Я вот сейчас впервые подумал, что, может быть, Вагинов существует отчасти на пересечении традиций Заболоцкого и позднего Кузмина. Вот это ощущение страшного сна, бреда, который есть у Кузмина в «Параболах» или в «Темные улицы вызывают темные чувства», в стихах предфорельных, в стихах, где тайные страшные сны, роковые красавицы, все это переплетено, все нуждается в тончайшей расшифровке.
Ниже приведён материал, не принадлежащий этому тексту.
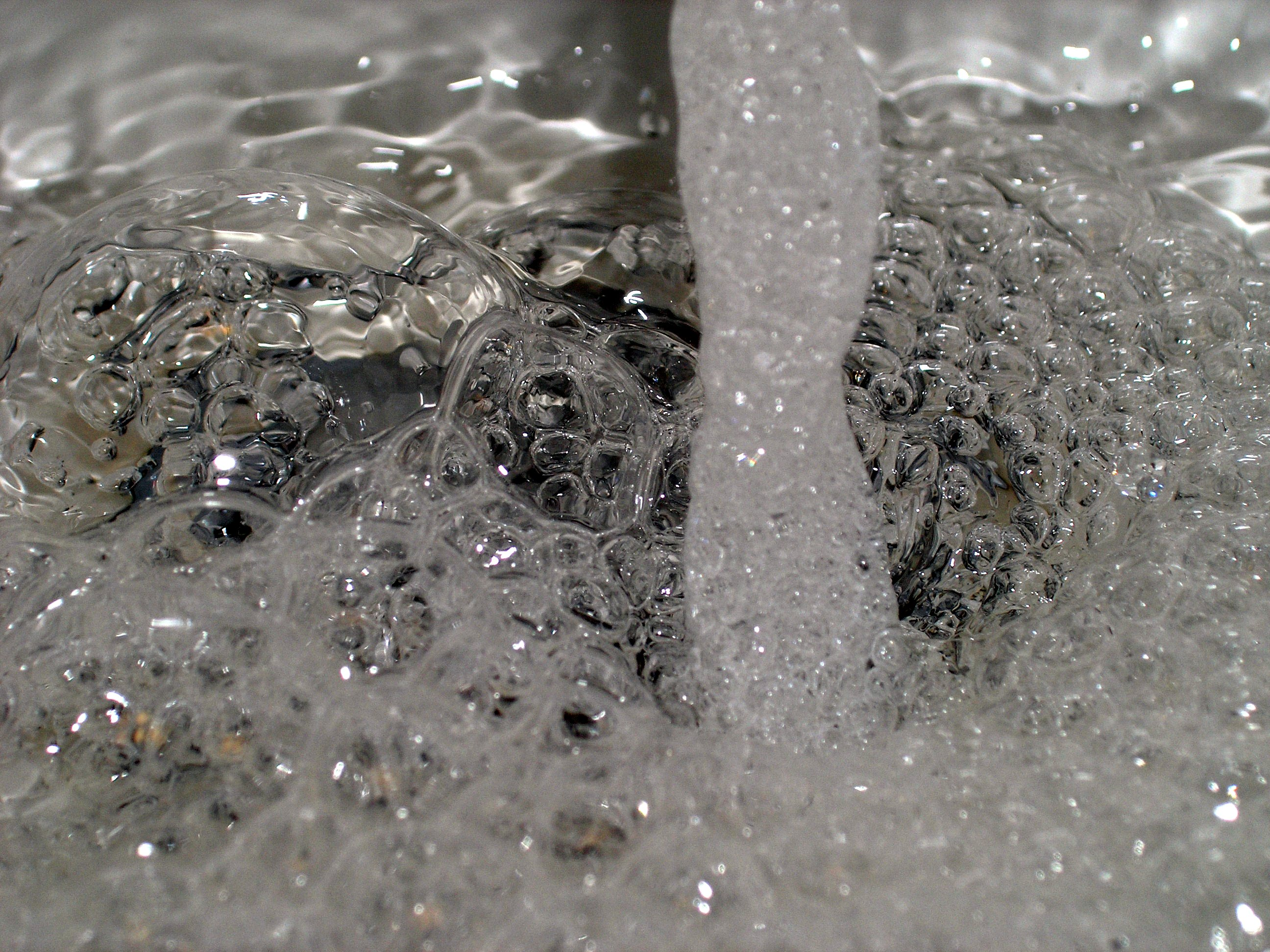 Aerated water coming from a faucet.

Вот мне кажется, что эти интонации Кузмина соседствуют здесь с грубой простотой Заболоцкого — и возникает тот синтез, которого ни один из них поврозь достичь не мог. А Вагинов сумел это свести и сплавить.
Да, целый год я взвешивал
Но не понять мне моего искусства.
Уже в садах осенняя прохлада,
И дети новые друзей вокруг меня.
Испытывал я тщетно книги
В пергаментах суровых или новые
Со свежей типографской краской.
В одних — наитие, в других же — сочетанье,
Расположение — поэзией зовется.
Иногда
Больница для ума лишенных снится мне,
Чаще сад и беззаботное чириканье,
Равно невыносимы сны.
Но забываюсь часто, и по-прежнему
Безмысленно хватаю я бумагу —
И в хаосе заметное сгущенье,
И быстрое движенье элементов,
И образы под яростным лучом —
На миг. И все опять исчезло.
Надо сказать, что последние годы Вагинова ознаменованы были мучительными попытками как-то встроиться в жизнь. И он — несчастный коллекционер, мечтатель, знаток Античности и Европы — вынужден был работать над «Историей фабрик и заводов» и ездить на завод «Светлана», на завод электрических лампочек, с которого он возвращался всегда истощенным, изможденным. А он же был туберкулезник, со свищом на щеке, весь синий, шатающийся. Он роста был невеликого и сложения хрупкого. И вот этот ужас его последних лет, конечно, как подумаешь, невыносим.